Already on GitHub? Sign in to your account

Open
wants to merge 6 commits into
base: main
Choose a base branch
from

Conversation

blaginin
Copy link
Contributor

Which issue does this PR close?

Related to #14563

Rationale for this change

Currently, when with_column_renamed is called, a new Projection layer is always created. For example, in the dataframe benchmark, logical plan looks like this:

Zen Browser 2025-02-15 18 38 03

These layers do not affect the query itself (as they are removed by optimize_projections), but they make renaming new columns (and optimization itself) quite slow.

What changes are included in this PR?

I added an optimization for one edge case - when there's already a projection on top and we're adding a new one. This is a common scenario, especially when renaming many columns (as in the dataframe benchmark).
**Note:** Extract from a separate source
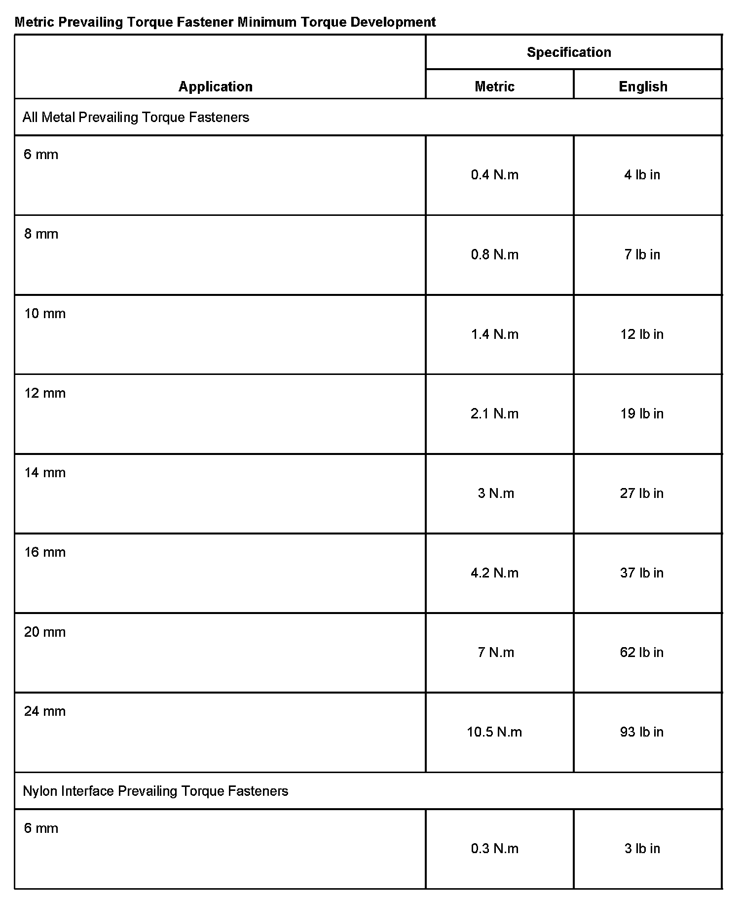 Metric Prevailing Torque Fastener Minimum Torque Development Part 1: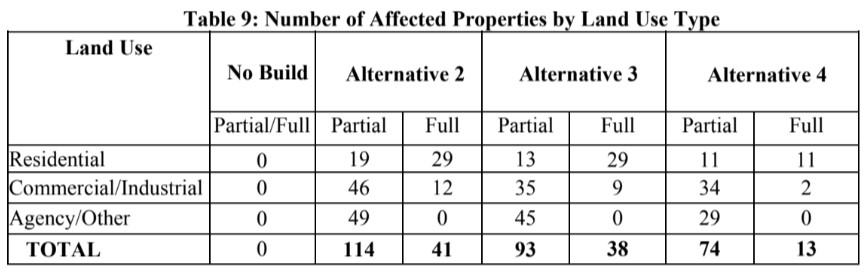 Back in 2015, for just the north part of the 605CIP, Metro and Caltrans’s affected property totals show 11-29 residential full demolitions, plus another 2-12 commercial/industrial full demolitions, totaling 13-41 full acquisitions.

Instead of adding a new projection layer on top, we replace the existing one if possible.

Are these changes tested?

Extended test case

Are there any user-facing changes?

No

@github-actions github-actions bot added the core Core DataFusion crate label Feb 15, 2025
@blaginin
Copy link
Contributor Author

group                                                main                                    one-layer
with_column_10                                       1.39   764.9±10.37µs        ? ?/sec     1.00    550.0±4.71µs        ? ?/sec
with_column_100                                      3.88  1490.1±22.27ms        ? ?/sec     1.00    384.5±3.24ms        ? ?/sec
with_column_200                                      5.63      36.6±0.43s        ? ?/sec     1.00       6.5±0.63s        ? ?/sec

@Omega359
Copy link
Contributor

Quite a speed improvement! I'll look at the code in a bit

.with_column_renamed("c4", "boom")?;

assert_eq!("\
Projection: aggregate_test_100.c1 AS one, aggregate_test_100.c2 AS two, aggregate_test_100.c3, aggregate_test_100.c2 + aggregate_test_100.c3 AS sum AS total\
Copy link
Contributor

Choose a reason for hiding this comment

The reason will be displayed to describe this comment to others. Learn more.

AS sum AS total is valid?

Copy link
Contributor Author

Choose a reason for hiding this comment

The reason will be displayed to describe this comment to others. Learn more.

Thank you for the thorough reading 🙏 AS sum AS total happens because there's an alias over an alias - I believe it's harmless since it just wraps the original expression.

There's a function unalias_nested that can resolve this, but I don't want to call it because it's recursive and expensive. A potentially better option IMO is to reuse the existing alias in alias_qualified and alias if it's already there (similar to this PR). This feels like a separate improvement from this PR though

Copy link
Contributor

Choose a reason for hiding this comment

The reason will be displayed to describe this comment to others. Learn more.

I just worry that another column referenced 'sum' and then it is aliased to 'total' and what the behaviour of that would be.

Copy link
Contributor Author

Choose a reason for hiding this comment

The reason will be displayed to describe this comment to others. Learn more.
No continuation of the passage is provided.